_Listed records:_
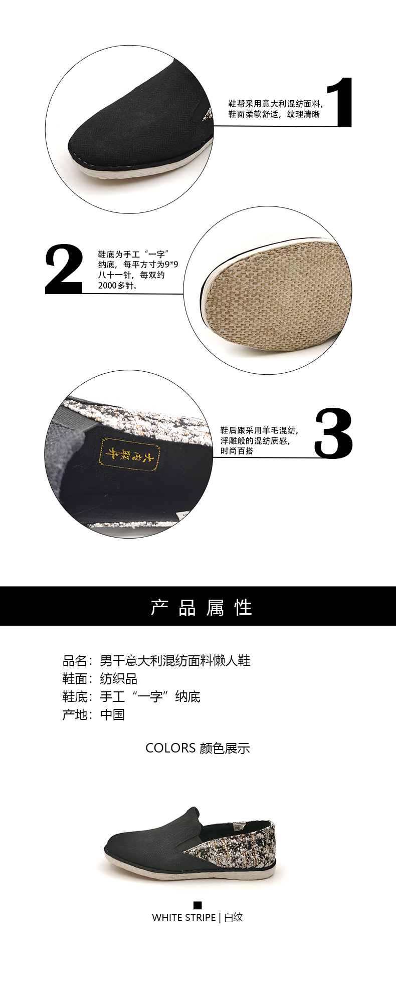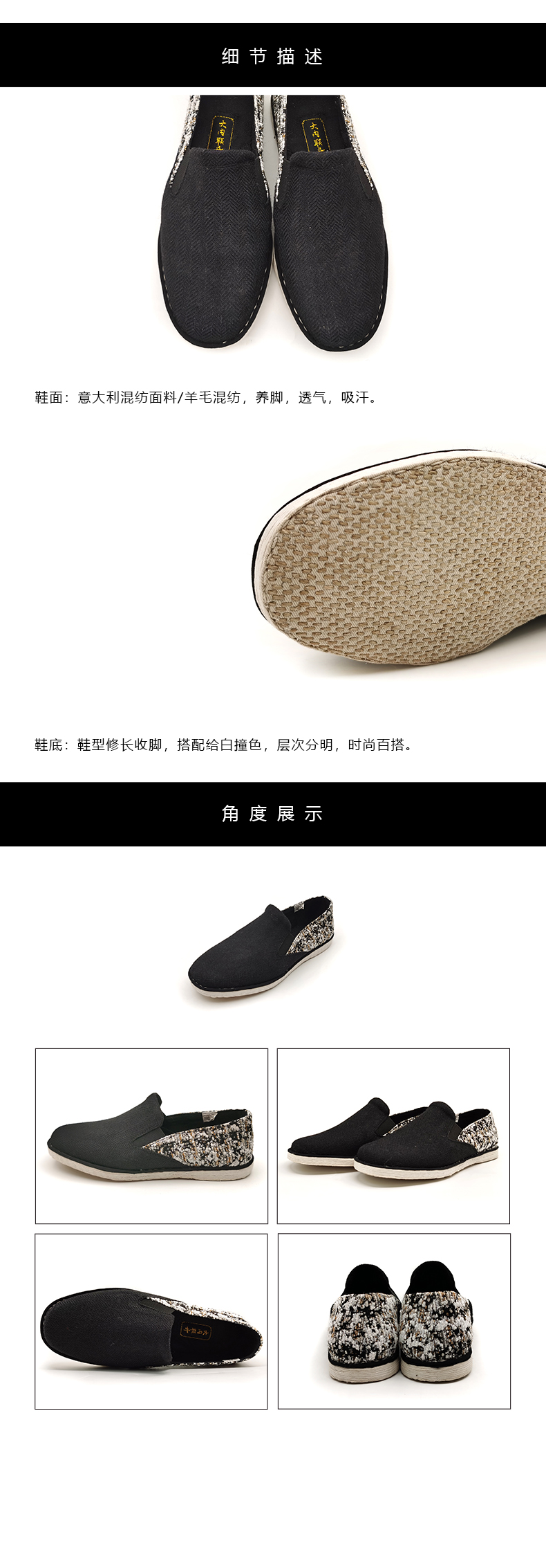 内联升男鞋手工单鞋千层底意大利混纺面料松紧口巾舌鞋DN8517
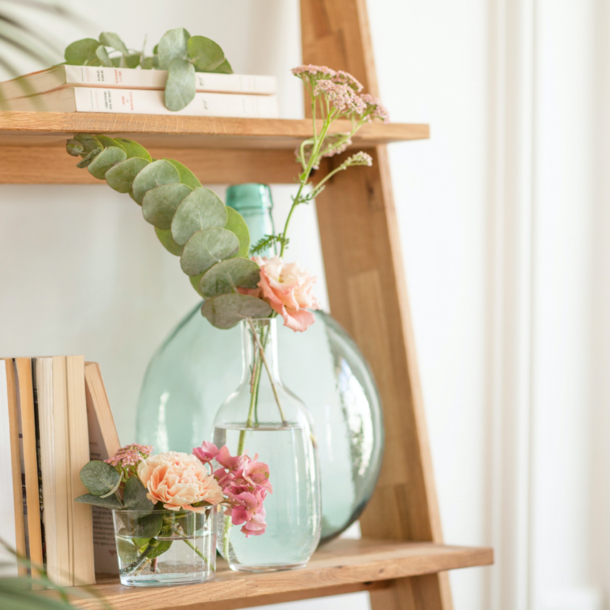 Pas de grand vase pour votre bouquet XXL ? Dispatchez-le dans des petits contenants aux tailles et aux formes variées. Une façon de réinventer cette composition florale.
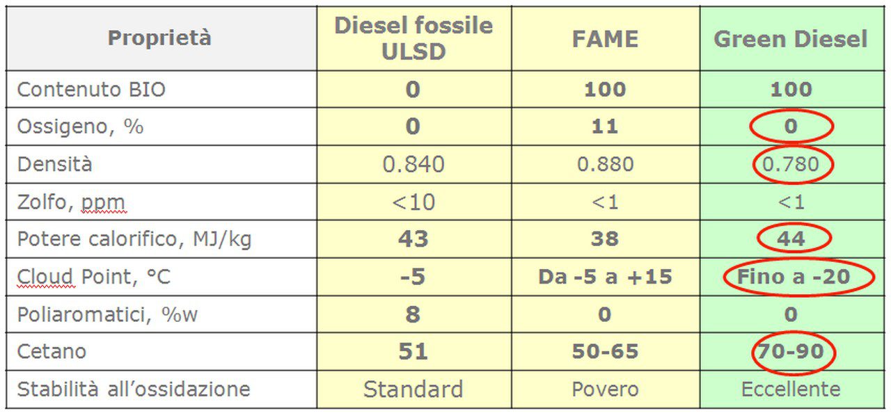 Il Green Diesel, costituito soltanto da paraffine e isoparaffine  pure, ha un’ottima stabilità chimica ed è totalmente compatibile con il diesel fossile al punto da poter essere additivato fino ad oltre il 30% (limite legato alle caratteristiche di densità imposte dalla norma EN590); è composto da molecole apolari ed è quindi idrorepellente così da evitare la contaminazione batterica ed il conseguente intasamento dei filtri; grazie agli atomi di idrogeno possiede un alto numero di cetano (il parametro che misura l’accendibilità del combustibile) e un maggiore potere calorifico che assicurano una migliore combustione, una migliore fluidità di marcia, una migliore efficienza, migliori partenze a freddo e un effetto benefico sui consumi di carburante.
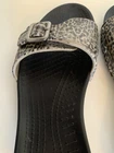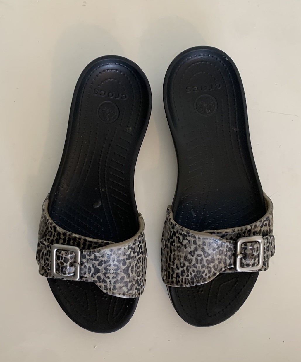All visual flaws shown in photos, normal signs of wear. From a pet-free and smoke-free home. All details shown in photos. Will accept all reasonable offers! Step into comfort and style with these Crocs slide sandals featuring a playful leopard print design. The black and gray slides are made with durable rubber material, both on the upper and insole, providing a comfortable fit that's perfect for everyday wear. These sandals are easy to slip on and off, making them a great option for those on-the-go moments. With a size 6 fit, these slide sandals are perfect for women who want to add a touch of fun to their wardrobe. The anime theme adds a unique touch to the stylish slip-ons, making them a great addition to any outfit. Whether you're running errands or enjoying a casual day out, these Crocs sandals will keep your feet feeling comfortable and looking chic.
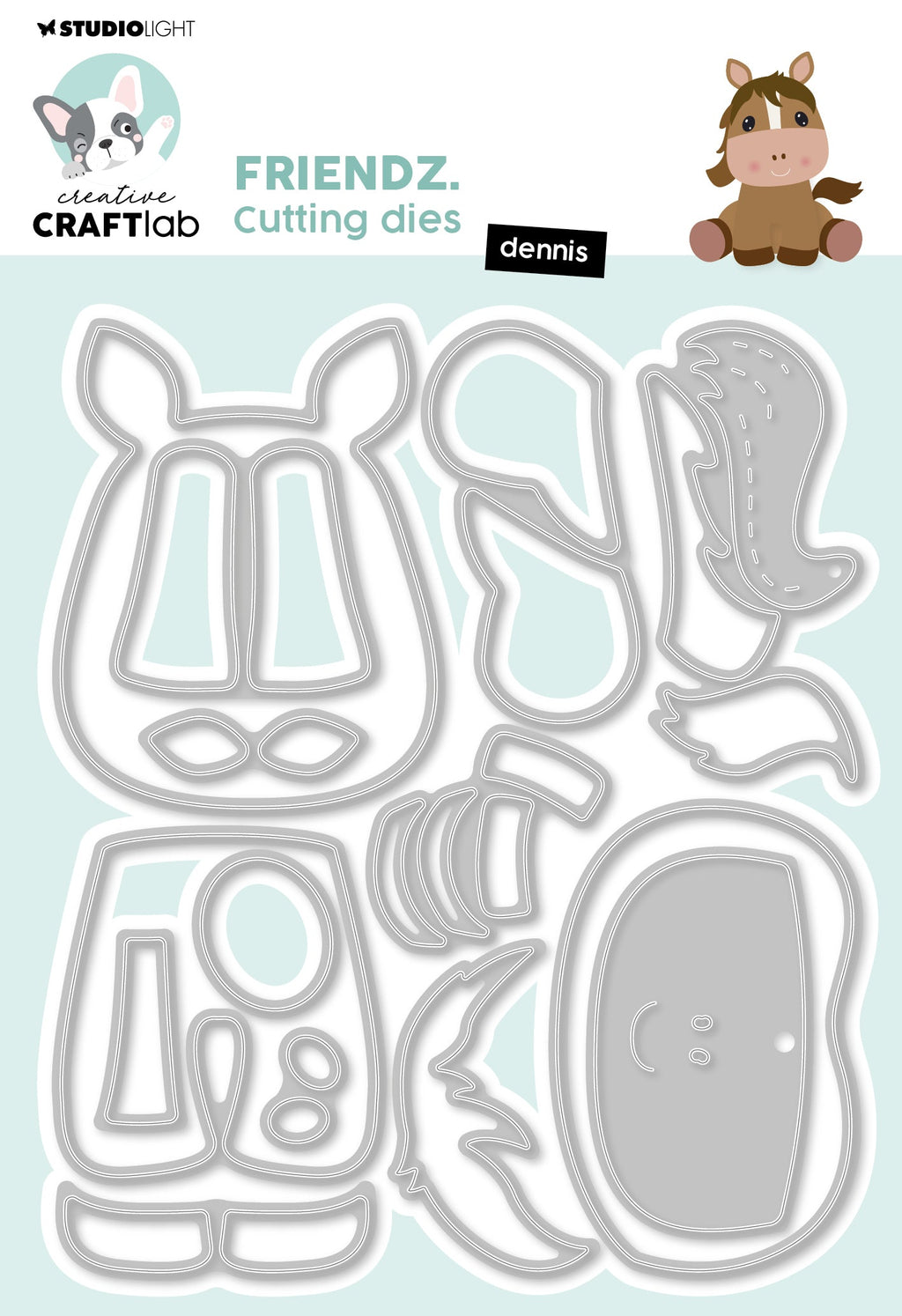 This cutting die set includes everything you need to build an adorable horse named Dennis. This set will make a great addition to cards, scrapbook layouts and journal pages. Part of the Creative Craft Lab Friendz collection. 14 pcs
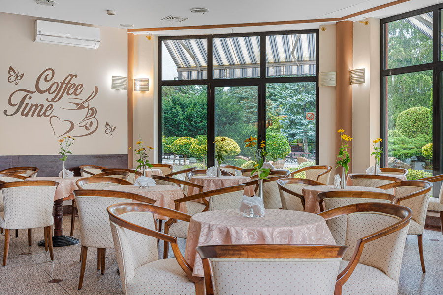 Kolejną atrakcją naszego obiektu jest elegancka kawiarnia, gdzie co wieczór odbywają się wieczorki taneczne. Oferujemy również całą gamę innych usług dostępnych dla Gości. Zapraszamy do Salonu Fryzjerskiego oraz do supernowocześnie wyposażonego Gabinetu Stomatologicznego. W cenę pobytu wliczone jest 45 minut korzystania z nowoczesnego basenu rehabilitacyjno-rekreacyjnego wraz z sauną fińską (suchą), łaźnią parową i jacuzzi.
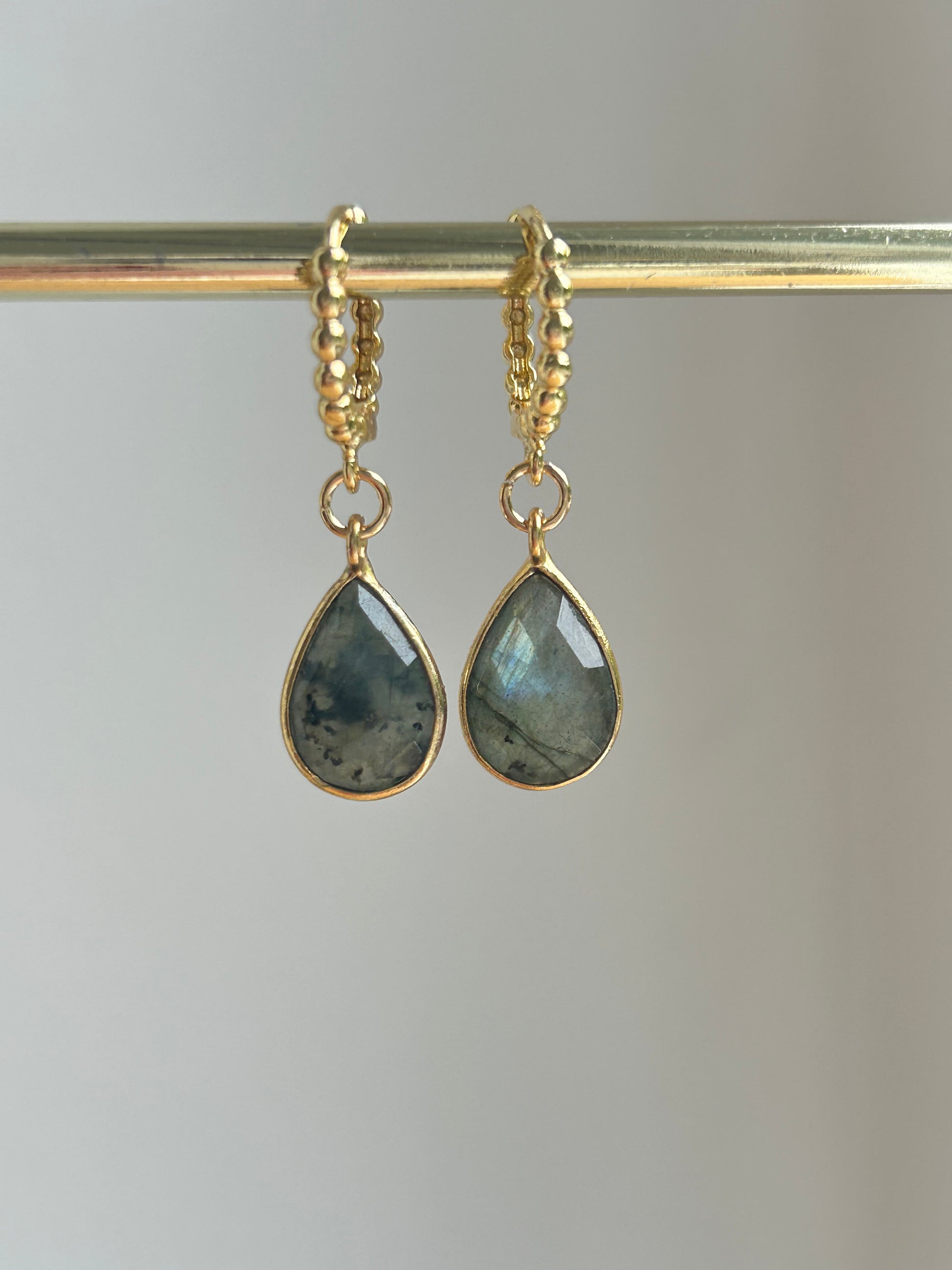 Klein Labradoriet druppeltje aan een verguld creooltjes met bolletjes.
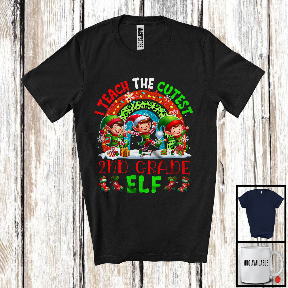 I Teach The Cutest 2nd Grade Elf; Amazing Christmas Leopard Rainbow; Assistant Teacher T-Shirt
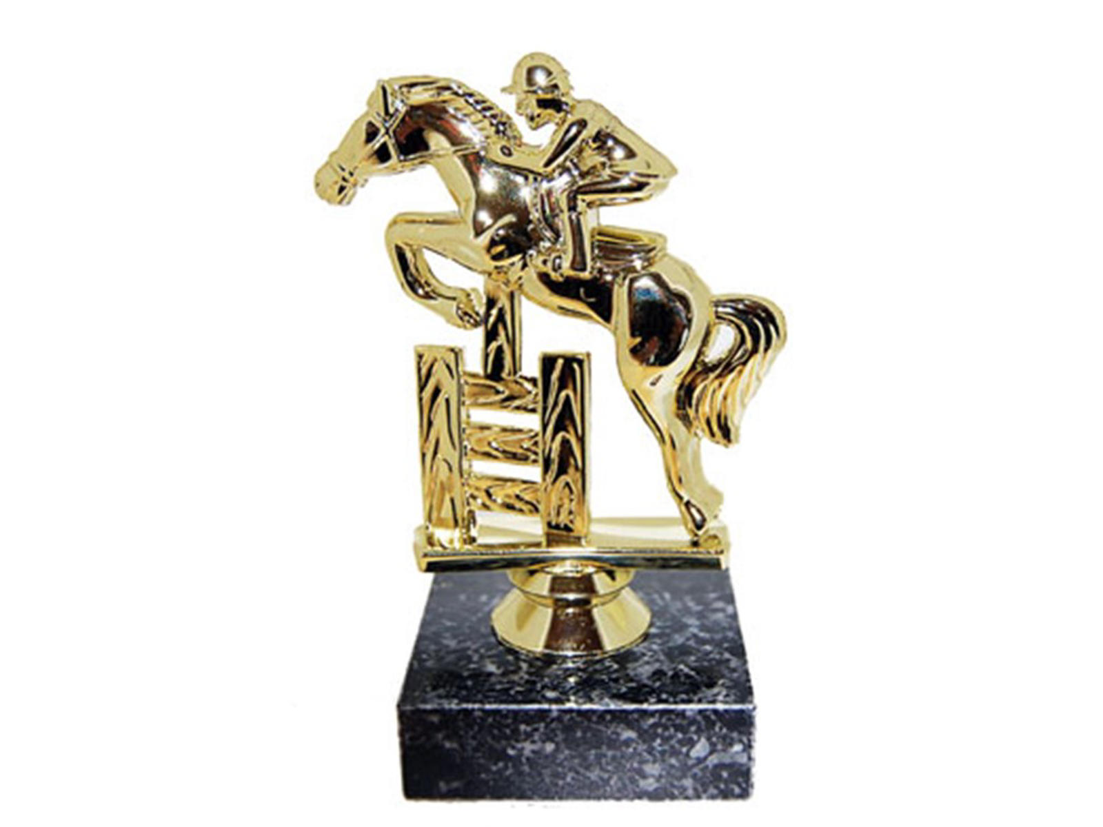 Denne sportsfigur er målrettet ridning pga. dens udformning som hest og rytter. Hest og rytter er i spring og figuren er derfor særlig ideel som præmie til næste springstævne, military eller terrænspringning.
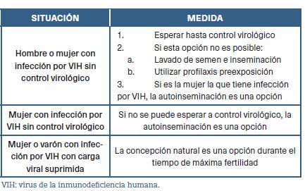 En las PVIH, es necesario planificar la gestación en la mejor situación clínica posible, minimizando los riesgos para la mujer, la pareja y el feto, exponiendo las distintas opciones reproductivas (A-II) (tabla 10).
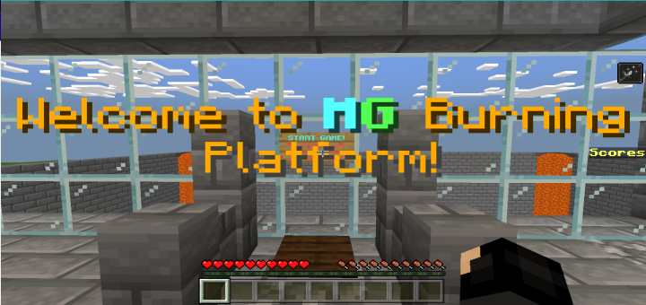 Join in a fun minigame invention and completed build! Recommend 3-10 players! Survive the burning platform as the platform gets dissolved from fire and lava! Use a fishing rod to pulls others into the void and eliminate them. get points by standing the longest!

_Task instructions:_
Although the records above contain pictures, the copy should hold only the lines from their start through the line containing "Pas de grand", each exactly as written, and none of the pictures.

_Response for this exercise:_
 内联升男鞋手工单鞋千层底意大利混纺面料松紧口巾舌鞋DN8517
 Pas de grand vase pour votre bouquet XXL ? Dispatchez-le dans des petits contenants aux tailles et aux formes variées. Une façon de réinventer cette composition florale.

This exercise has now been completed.